In 2006, Fomukong and his co-inventor formed Enovsys and assigned ownership of the patents to the company. Enovsys subsequently filed a patent infringement suit against Sprint Nextel. Sprint Nextel moved to dismiss the case because Enovsys had failed to join Whitfield, who Sprint Nextel claimed still maintained an ownership interest in the patents-in-suit based on California’s community property laws. Whitfield had also assigned her interest in the patents to Sprint Nextel. The district court denied Sprint Nextel’s motion and concluded that Enovsys had full legal title to the patents. At trial, the jury found that Sprint Nextel infringed the patents in suit and that the patents were not invalid. Sprint Nextel appealed denial of its motion to dismiss for lack of standing, and denial of its post-verdict judgment as a matter of law (JMOL).
The Federal Circuit affirmed, including on the issue of ownership and standing. Fomukong and Whitfield divorced each other by way of summary dissolution—California’s “quickie” divorce—in which there is no hearing or trial. Parties to summary dissolution must either affirm that they have no community property or sign a property settlement agreement listing all community assets and liabilities. Fomukong and Whitfield both checked the box on the petition stating they had no community property and failed to attach a property settlement agreement to their divorce petition. After a six-month waiting period, both parties signed the request to finalize the divorce.

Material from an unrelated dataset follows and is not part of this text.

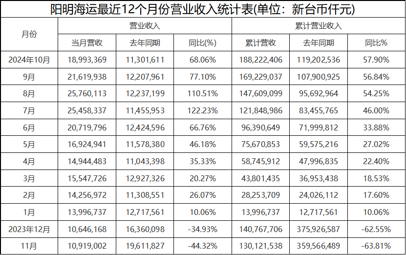 2024年前10个月,阳明海运累计实现营业收入新台币1882.2亿元(约58.7亿美元),同比增长57.9%。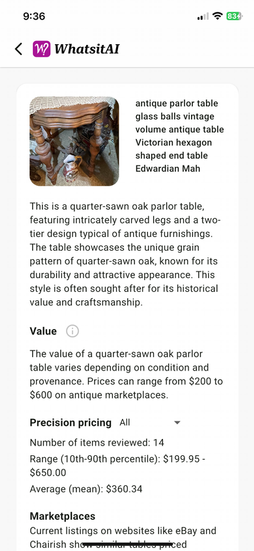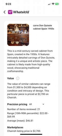 This valuation, provided by WhatsItAI, are of the 100+ "big furniture" items that are found in the inventory section. These include all the dressers, wardrobes, tables, nightstands, display cases, beds, chairs and other large format items.

Sprint Nextel argued that because the divorce decree did not expressly adjudicate community property rights, Whitfield maintained her ownership interest in the patents. The Federal Circuit disagreed, holding that the presumption that the patents were community property was overcome by the jointly filed divorce petition which affirmatively stated that Fomukong and Whitfield had no community property. The divorce decree, therefore, conclusively settled patent ownership in Fomukong’s favor, even though silent on the issue. The Court further held that the state divorce decree is entitled to res judicata effect and rejected Sprint Nextel’s attempt to relitigate Whitfield’s property rights to the patents. Therefore, Whitfield retained no ownership interest, and Enovsys had standing to bring and maintain the suit.